1. fill_placeholders / FillOptions / BulkEditResult not wrapped — biggest item
The C# convenience helper that's the centerpiece of the template-fill DX is missing from Python. Users have to hand-roll the multi-pass loop:
filled_total = 0
unfilled_seen = {}
for _ in range(8): # MaxPasses cap
ph = session.find_placeholders(
kinds=ds.PlaceholderKinds.ALL,
boundary=ds.ContextBoundary.BRACKET,
)
ph_sorted = sorted(
ph,
key=lambda p: (p.match.enclosing_anchor.id, p.match.span.start),
reverse=True, # reverse-offset ordering
)
filled_this_pass = 0
for p in ph_sorted:
value = picker(p)
if value is None:
unfilled_seen.setdefault(key_for(p), p)
continue
if p.match.text.startswith(\"$\") and not value.startswith(\"$\"):
value = \"$\" + value # PreserveDollarPrefix
if session.replace_match(p.match, value).success:
filled_this_pass += 1
unfilled_seen.pop(key_for(p), None)
filled_total += filled_this_pass
if filled_this_pass == 0:
break
That's ~25 lines of subtle correctness (anchor-then-offset sort, dollar-prefix preservation, multi-pass nested-bracket convergence, dedup of unfilled across passes) that the C# helper exists specifically to encapsulate.

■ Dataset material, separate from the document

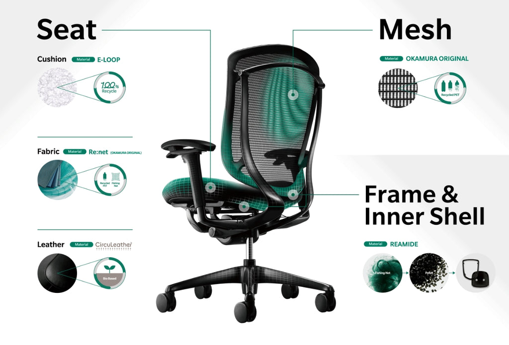 オカムラのフラッグシップモデルであるコンテッサセコンダ。2022年に「コンテッサ」シリーズとして発表から20周年の節目を迎えた今、より永く、より多くの世代の人に愛され続けるために、環境配慮型素材を主要部品に採用したサーキュラーモデルが仲間入りしました。

Every Python integrator who hits a template will rediscover these the hard way.
Ask: wrap DocxSession.FillPlaceholders along with FillOptions and BulkEditResult as session.fill_placeholders(picker, *, kinds=..., scope=..., max_passes=8, preserve_dollar_prefix=True, context_chars=80, boundary=ContextBoundary.CHAR) returning a BulkEditResult(filled, skipped, passes, unfilled, errors).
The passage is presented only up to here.